NSPM‑2 (National Security Presidential Memorandum 2), issued Feb 4, 2025, directs a U.S. “maximum pressure” policy on Iran: deny Iran all paths to a nuclear weapon, curtail its missile and malign regional activities, and—by directing agency action—drive Iranian oil exports toward zero, tighten sanctions enforcement, rescind or modify waivers, strengthen export controls, and coordinate diplomatic isolation of Iran.
Executive Order 13902 (Jan 10, 2020) authorizes blocking (asset‑freezing) and U.S. sanctions targeting persons operating in specified Iranian sectors (including later determinations covering petroleum/petrochemicals). It is issued under IEEPA and the National Emergencies Act and authorizes the Secretary of the Treasury to block property, impose restrictions on foreign financial institutions (correspondent/payable‑through accounts), and promulgate implementing regulations and licensing guidance.
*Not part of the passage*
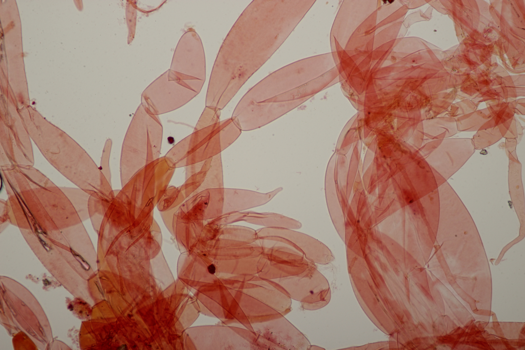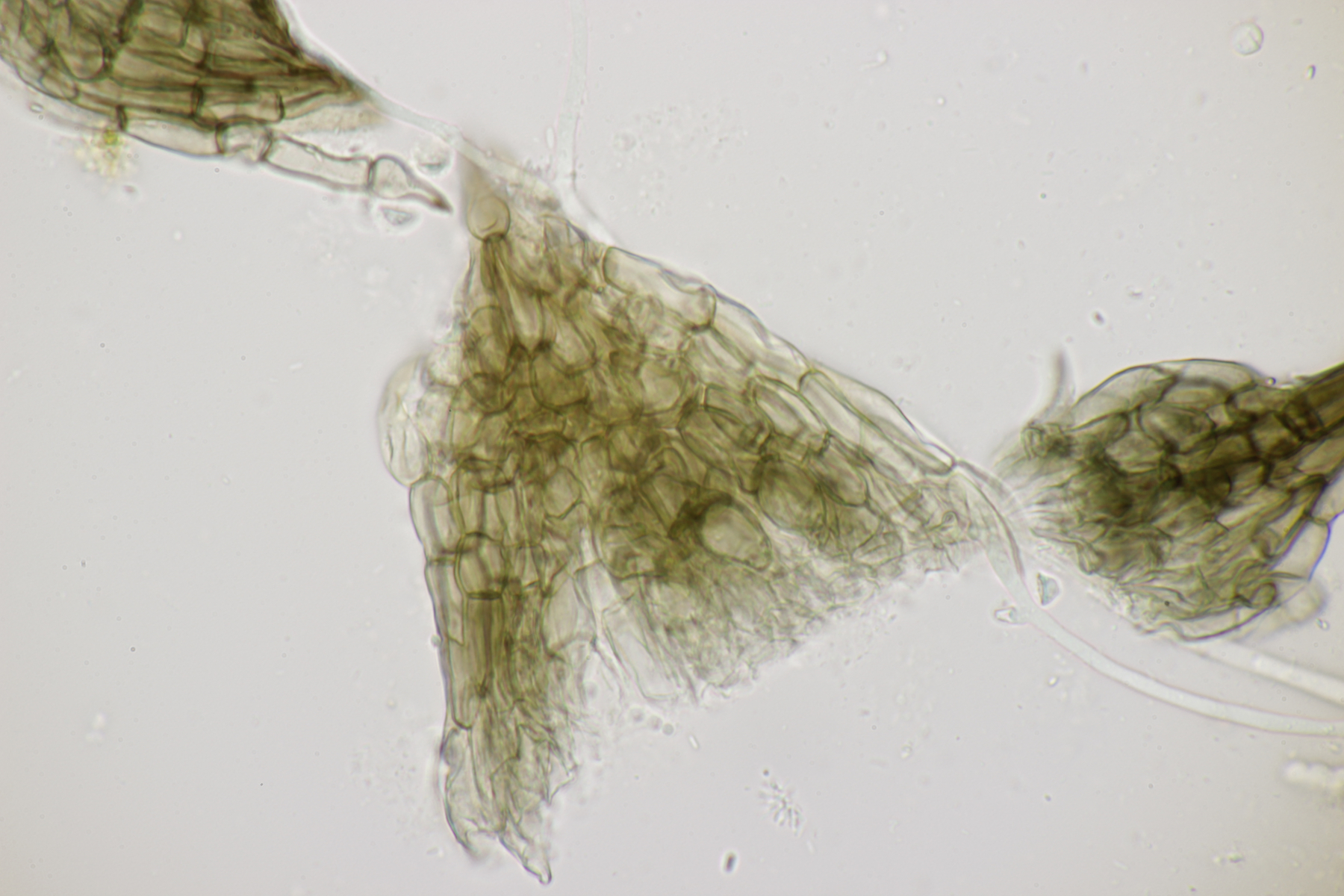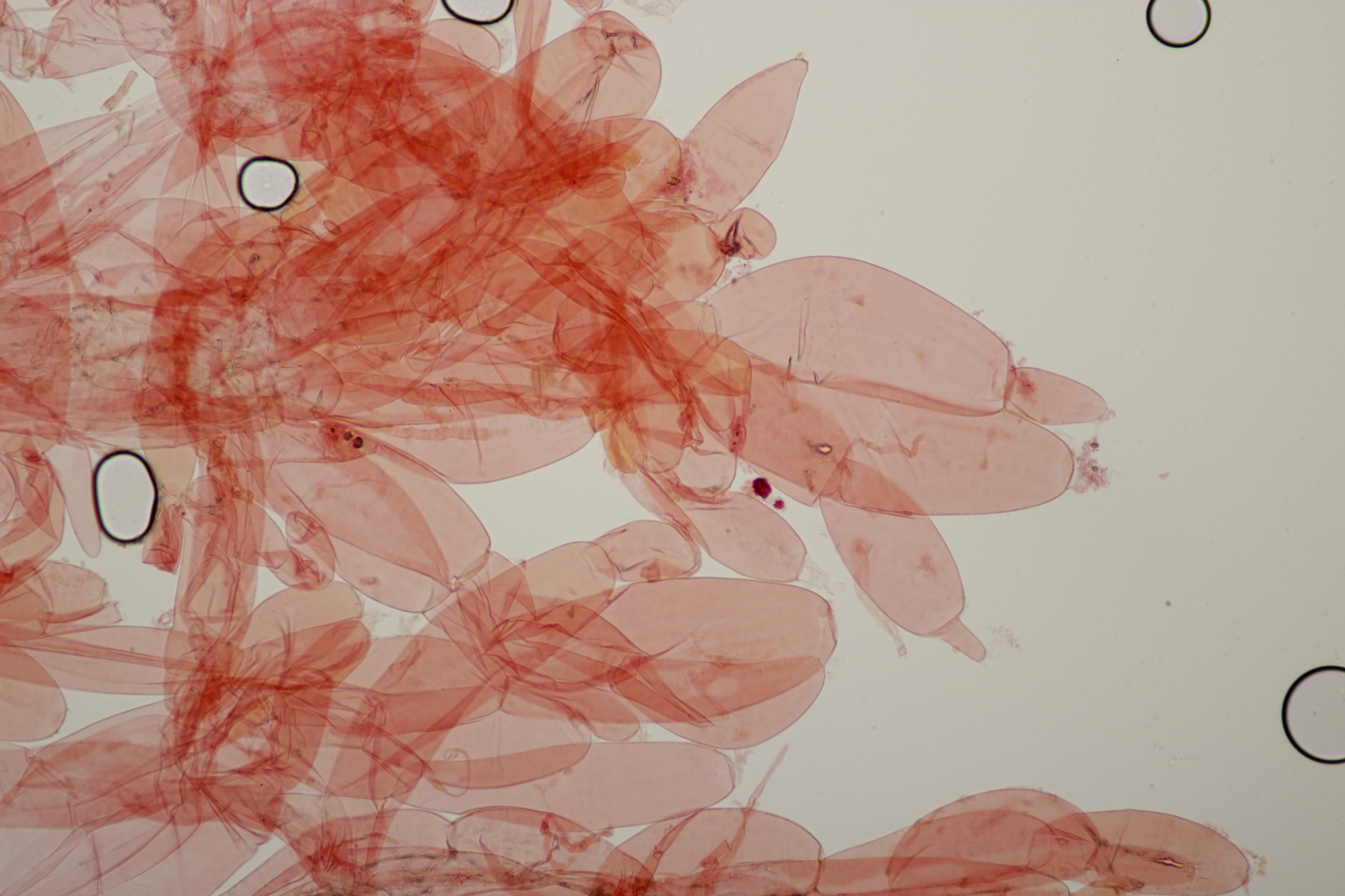 4. Weiter geht es mit einem Schizothecium. Das ist zusammen mit Podospora ja nun wirklich nicht meine Lieblingsgattung...aber es hilft ja nichts. Sporen messen (25-27) µm x (14-16) µm, das Pedicel (9-10) µm x (2-3) µm. Die Perithecien waren nur mit den charakteristischen, dreieckigen Schuppen bedeckt, sonst gab es keine Haare. Damit würde ich Schizothecium conicum für einen heißen Kandidaten halten.

Iran’s “shadow fleet” is a set of tankers and LPG/commodity vessels used to disguise Iranian oil and gas exports—by turning off AIS tracking, changing ship names/registry, ship‑to‑ship transfers, false documentation, and use of front companies and deceptive commercial paperwork—to evade sanctions and detection.
The U.S. action on Jan. 23, 2026 sanctioned eight entities and nine vessels; the full, named list is in the Treasury/OFAC press release and sanctions list accompanying the announcement (see Treasury/OFAC press release and the State Department statement for links).
Effects are likely limited but measurable: U.S. secondary sanctions on shadow‑fleet traders can reduce Iran’s export channels, tightening supply that can raise short‑term price risk for specific cargoes (and LPG) and make procurement harder for Iranian domestic markets; broader global price effects depend on existing spare capacity, alternative suppliers (e.g., Russia/Saudi/Emirates), and buyer behavior—most analysts expect localized shortages and higher costs for Iranians, and only modest, temporary global price impact unless sanctions cascade.
Treasury/OFAC enforces EO 13902 sanctions using tools such as: designation and listing on OFAC’s SDN/blocked‑persons lists (blocking U.S. property and prohibiting U.S. persons from dealing with listed parties); secondary sanctions targeting foreign financial institutions (correspondent/payable‑through account restrictions); fines, asset seizures, criminal referrals to DOJ, penalties for sanctions‑evasion facilitation, and guidance/industry advisories (shipping, insurance, ports) to deter third‑party facilitation.